Philippine Cigarette Excise Tax Revenues under Two Tax Systems

Charlotte Justine D. Sicat


The Philippines had two types of cigarette excise taxes in the past three decades: an ad valorem tax under the 1986 Tax Reform Program (TRP) and a specific tax under the 1997 Comprehensive Tax Reform Program (CTRP). Ad valorem taxes, according to economic theory, are desirable since these are flexible in that tax revenues automatically adjust to price changes. However, economic theory also recognizes the difficulty in implementing ad valorem taxes because of the challenge in identifying the appropriate tax base (e.g., price). The alternative, a specific tax is easier to implement but is not flexible, requiring regular adjustments in taxes to inflation. In practice, this characteristic of flexibility is even more important if the political or institutional environment make it difficult to increase existing or pass new tax laws.

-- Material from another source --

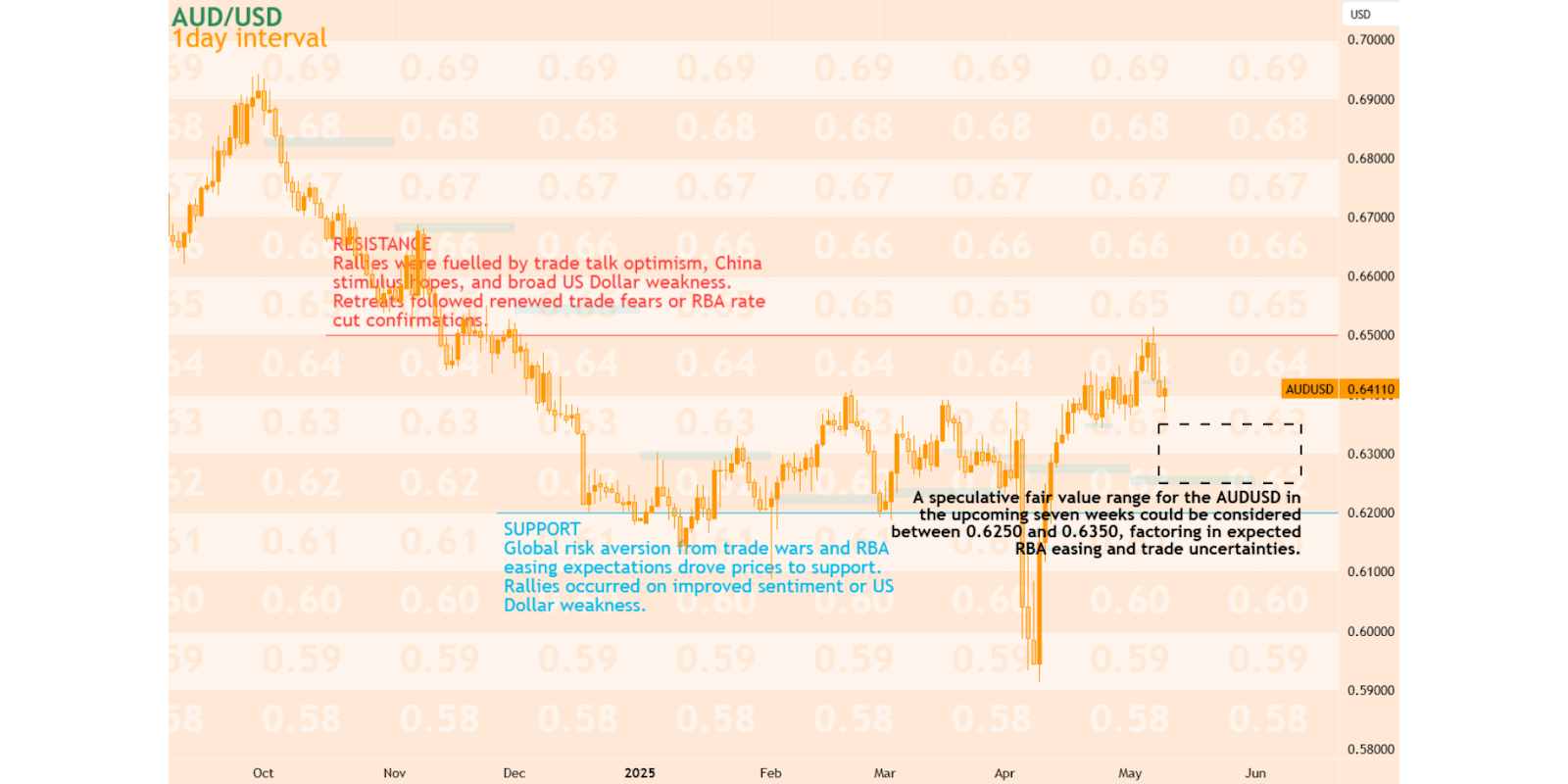 Over the past seven weeks, the AUD has really reacted to global risk appetite, especially to US-China trade news, given Australia's strong trade ties with China. The currency often gained when trade optimism rose but fell when tensions flared or when Aussie data, like weaker-than-expected Q1 core inflation, pointed to an RBA rate cut. Economic news from China has also been a big factor; strong Chinese exports in April offered some support, though concerns about iron ore demand lingered due to falling prices and a drop in a key shipping index.

Empirically, Philippine cigarette excise tax revenues—in real terms—declined in the period after the shift to a specific tax. This study examines the effect of a shift from an ad valorem to a specific cigarette excise tax on Philippine cigarette excise tax collections during the period 1988 to 2005. The results showed a significant negative relationship between cigarette excise tax revenue effort and the period when a specific excise tax was in effect. Though the results cannot entirely attribute the decline in cigarette excise tax effort to the 1997 CTRP shift to specific taxes because of politico-institutional reasons (e.g., not implementing the provisions of the law), the results showed that Philippine cigarette excise tax effort is negatively related to the 1997 CTRP.